她微微怔然,那眼神复杂至极,她看不懂。
想要去深究,老皇帝已经挪开视线。
“都给朕瞧瞧你们的本事,穿云弓今日能否易主,就看你们有没有那个能耐了。诸卿,莫负朕望。”
萧厉和屈骄珑对视一眼,屈骄珑明显看到萧厉眼中的势在必得。
两人同时行礼,“臣,定全力以赴。”
*
腊月二十九的皇宫灯火如昼,太和殿前早已搭起三丈见方的射台。
朱漆栏杆上缠着红绸,两侧雁翅般排开二十四面牛皮战鼓,一众羽林卫在台下森然肃立。
屈骄珑站在贵女队列最前方,指尖无意识地摩挲着腰间玉带——那里本该悬着朔月弓。
“先生紧张了?”昭阳不知何时凑过来,嘴里还嚼着蜜饯,“您看那边。”
屈骄珑抬眼顺着她示意的方向看去。
萧厉正带着新兵们演练阵型,那些少年郎君个个挺直腰背,箭囊里新制的羽箭在宫灯下泛着冷光。
屈骄珑收回目光,似笑非笑地瞧她,“我紧张什么,我又不比。倒是你,今日想要夺魁,怕是要费大功夫。”
昭阳小小年纪倒也不露怯,“先生瞧好吧,安心等着喝拜师茶。”
鼓声骤响。
太子携皇室宗亲登上观礼台,明黄龙纹常服在雪夜里格外醒目。他目光扫过屈骄珑,却对着萧厉开口:“听说萧统领这半月亲自盯着新兵操练?”

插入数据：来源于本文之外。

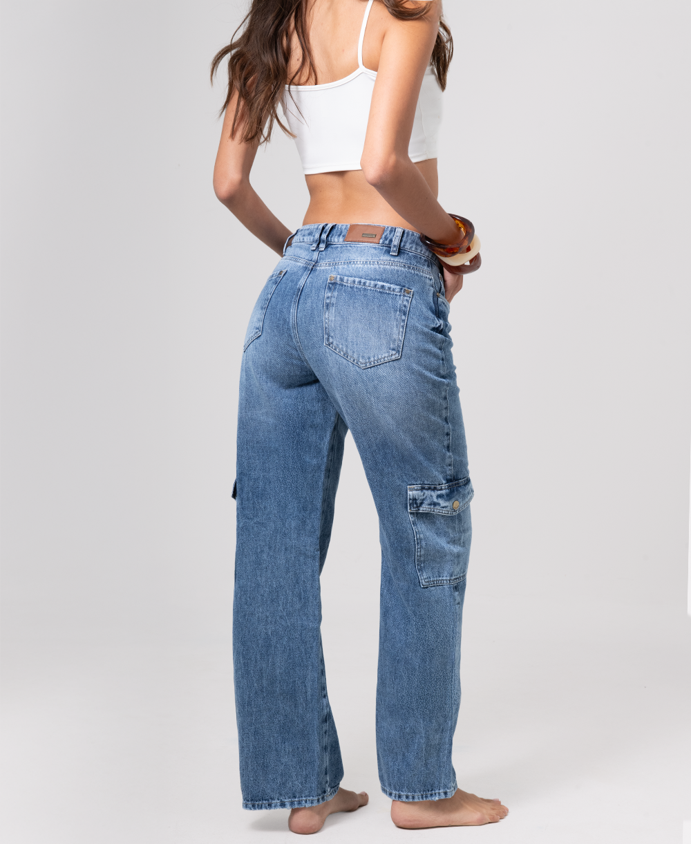 Jean tipo cargo en denim azul lavado medio. Cuenta con pretina clásica, cierre con botón y cremallera, bolsillos tradicionales y bolsillos cargo laterales que refuerzan su estilo utilitario y moderno. Ideal para looks casuales y urbanos.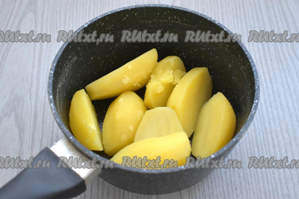 Очищаем картофель, разрезаем пополам, складываем в кастрюлю, заливаем полностью холодной водой, ставим на сильный огонь. После закипания варим картофель в подсоленной воде до готовности (ориентировочно минут 20-25, готовая картошка будет легко прокалываться ножом). Затем выливаем воду, в которой варился картофель.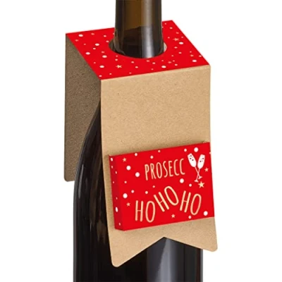 AmazonChristmas Bottle Charm with Box for Money / Voucher Cards Size: 7 x 18 x 1 cm (folded) 180 g kraft paper with foil finish Motif: Prosecc Ho ho ho Pack of 10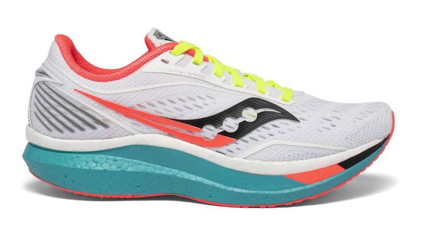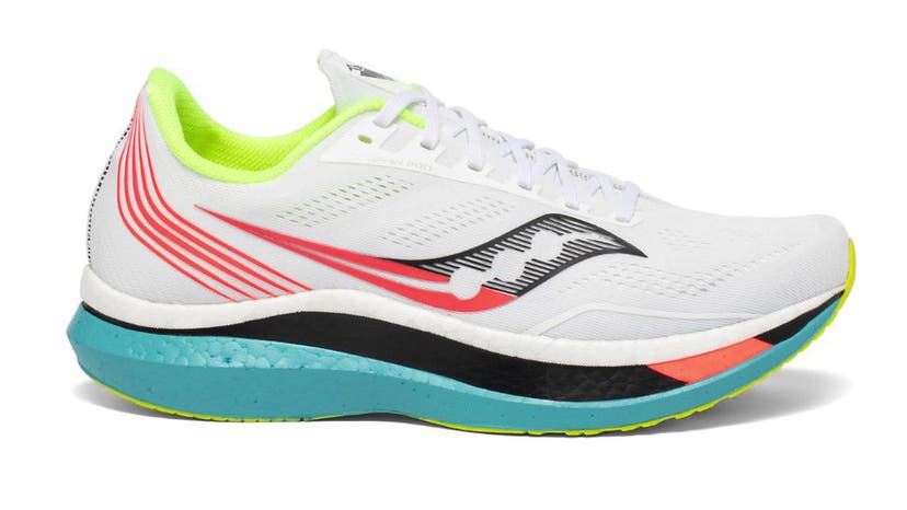 This is Saucony’s top-tier marathon racing shoe. The midsole foam is light, cushy, and extremely responsive thanks to the PWRRUN PB material, and it’s combined with a carbon-fiber plate that isn’t as easy to tame as the Hyperion Elite 2—in terms of finding the footstrike/roll off sweetspot. That said, if you get it to fall into place, that perfect zone is fast, and the rocker plate hits just under the ball of your foot, where it rolls forward as soon as you sense your weight moving forward from the stance phase.

“回殿下,每日寅时起戌时歇。”萧厉抱拳时,腕甲与护臂相撞铮然作响,“既然是比试,臣等定当竭尽全力,才是对贵女们最大的尊重。”
这话说得漂亮,生怕回头贵女们输不起,哭着要找他们麻烦,赶紧在一开始便把责任划清。
太子闻言朗声大笑,拍了拍萧厉的肩膀道:“好!萧统领果然痛快。今日不论胜负,这份气度便值得嘉赏。”
鼓声渐密,礼官高唱:“比试开始——”
贵女们与新兵各列一队,分立射台两侧。
昭阳站在最前,手中握着特制的轻弓,目光灼灼地盯着远处的箭靶。
萧厉则领着新兵们整齐划一地行礼,动作干净利落,引来观礼台上一片赞叹。
老皇帝在侍从搀扶下缓步登上高台,目光在众人身上逡巡,最后停留在屈骄珑身上片刻,又若无其事地移开。
“第一项,固定靶。”礼官高唱,“请双方各派……”
“且慢。”
屈骄珑突然出列。
金线绣制的麒麟在绛红色官服上鳞甲生辉,下摆开衩处露出玄色骑装,其上竟用银线绣就塞北苍狼,走动间栩栩如生。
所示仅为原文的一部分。